Anyway, that’s mostly an introduction.  In the three or so years I’ve been doing it, I’ve not had any trouble.  I even took photographs of armed police officers, and had some conversations with them, and never had any trouble.  It can be daunting, pointing your camera directly at strangers in the street.  Of course we don’t think twice about taking a photograph of friends or family and getting a few straggling strangers in the background, or taking snaps of attractions or tourist views, and again, catching a few strangers in the frame.  It’s different though when you know you’re pointing your camera at someone you don’t know, and they don’t necessarily know you’re taking a picture.

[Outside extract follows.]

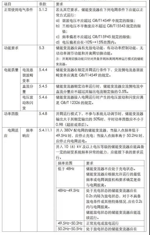 作為產(chǎn)品定型標(biāo)準(zhǔn),該標(biāo)準(zhǔn)涵蓋了儲(chǔ)能變流器的安全要求、性能和功能要求(包括并網(wǎng)兼容性要求)、環(huán)境適應(yīng)性要求、電磁兼容性要求等諸多方面的技術(shù)要求。下面僅對(duì)并網(wǎng)模式以及并離網(wǎng)運(yùn)行模式下的儲(chǔ)能變流器涉網(wǎng)部分的要求進(jìn)行分析。

I try and be socially aware.  I avoid taking photographs of people I consider vulnerable, the definition of which is mine and mine alone.  I work hard not to take photographs of people ‘just because they’re attractive’.  I don’t take photographs for the most part of isolated children.  I take a lot of photographs in Old Market Square, and there are often kids playing in the water and fountains in the summer months, and I am aware of that and it informs where I point my camera and what I shoot.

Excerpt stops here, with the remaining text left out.